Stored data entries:
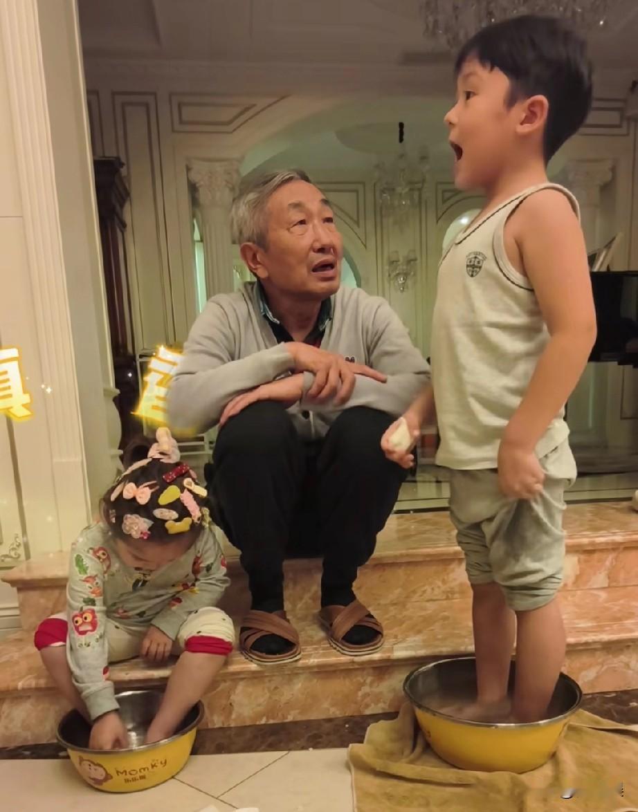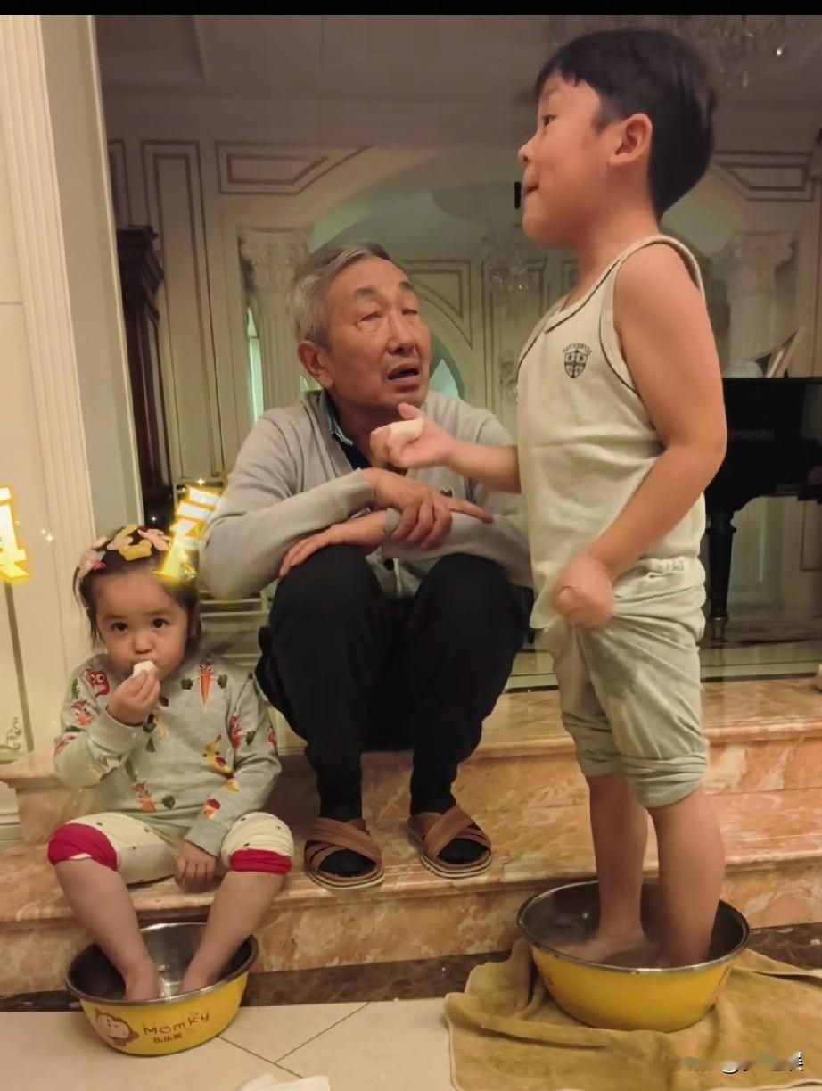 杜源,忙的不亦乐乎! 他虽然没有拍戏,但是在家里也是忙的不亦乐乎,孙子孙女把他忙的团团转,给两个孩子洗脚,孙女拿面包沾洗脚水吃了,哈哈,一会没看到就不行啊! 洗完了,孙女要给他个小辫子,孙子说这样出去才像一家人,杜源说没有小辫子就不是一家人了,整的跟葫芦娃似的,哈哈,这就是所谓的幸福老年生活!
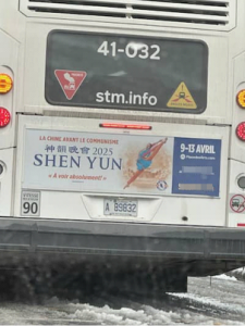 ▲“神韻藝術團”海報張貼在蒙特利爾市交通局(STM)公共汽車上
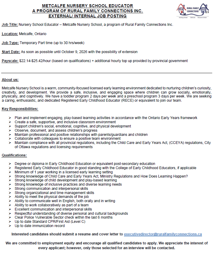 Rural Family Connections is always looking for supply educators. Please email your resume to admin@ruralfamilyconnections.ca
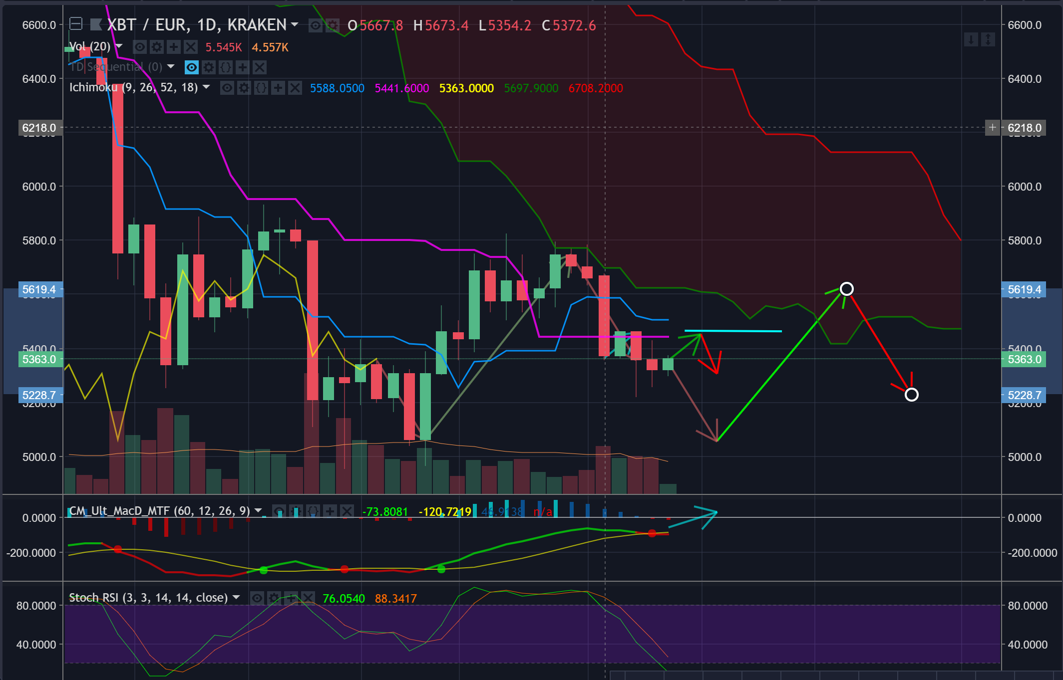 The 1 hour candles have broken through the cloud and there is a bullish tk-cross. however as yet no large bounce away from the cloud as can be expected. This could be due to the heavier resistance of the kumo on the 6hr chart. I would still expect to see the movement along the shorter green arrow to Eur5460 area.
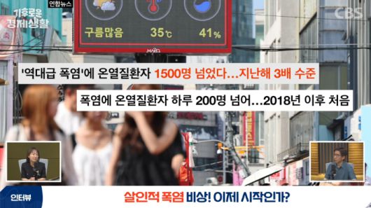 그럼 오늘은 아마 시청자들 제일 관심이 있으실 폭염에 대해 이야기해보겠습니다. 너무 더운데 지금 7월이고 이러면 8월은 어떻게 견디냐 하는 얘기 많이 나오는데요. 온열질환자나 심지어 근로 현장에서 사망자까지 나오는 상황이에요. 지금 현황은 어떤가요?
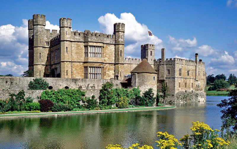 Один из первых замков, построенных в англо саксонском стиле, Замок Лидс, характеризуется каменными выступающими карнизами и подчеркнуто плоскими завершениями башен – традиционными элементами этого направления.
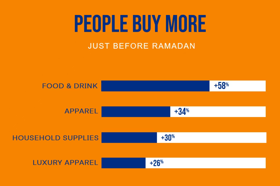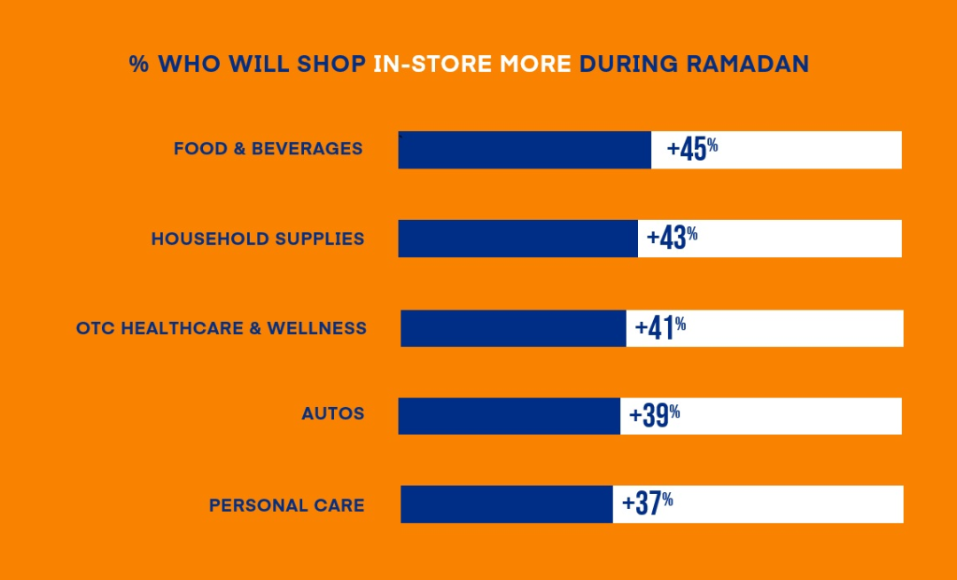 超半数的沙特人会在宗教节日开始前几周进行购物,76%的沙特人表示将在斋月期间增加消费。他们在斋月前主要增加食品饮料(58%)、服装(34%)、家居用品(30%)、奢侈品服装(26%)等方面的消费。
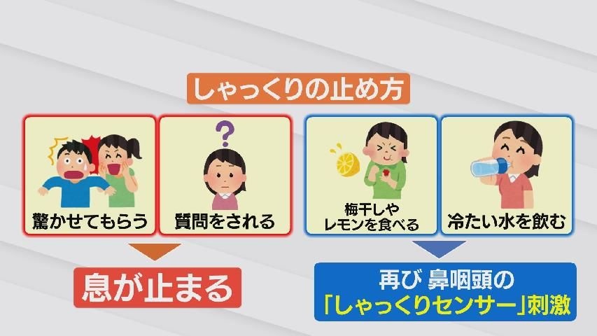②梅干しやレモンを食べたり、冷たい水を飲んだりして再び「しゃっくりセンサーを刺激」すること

# [TASK DETAILS]
Only the lines from the one containing "Rural Family Connections" through the last line of the data belong in the copy, both included and reproduced exactly. Pictures do not.

# [SOLUTION BELOW]
 Rural Family Connections is always looking for supply educators. Please email your resume to admin@ruralfamilyconnections.ca
 The 1 hour candles have broken through the cloud and there is a bullish tk-cross. however as yet no large bounce away from the cloud as can be expected. This could be due to the heavier resistance of the kumo on the 6hr chart. I would still expect to see the movement along the shorter green arrow to Eur5460 area.
 그럼 오늘은 아마 시청자들 제일 관심이 있으실 폭염에 대해 이야기해보겠습니다. 너무 더운데 지금 7월이고 이러면 8월은 어떻게 견디냐 하는 얘기 많이 나오는데요. 온열질환자나 심지어 근로 현장에서 사망자까지 나오는 상황이에요. 지금 현황은 어떤가요?
 Один из первых замков, построенных в англо саксонском стиле, Замок Лидс, характеризуется каменными выступающими карнизами и подчеркнуто плоскими завершениями башен – традиционными элементами этого направления.
 超半数的沙特人会在宗教节日开始前几周进行购物,76%的沙特人表示将在斋月期间增加消费。他们在斋月前主要增加食品饮料(58%)、服装(34%)、家居用品(30%)、奢侈品服装(26%)等方面的消费。
②梅干しやレモンを食べたり、冷たい水を飲んだりして再び「しゃっくりセンサーを刺激」すること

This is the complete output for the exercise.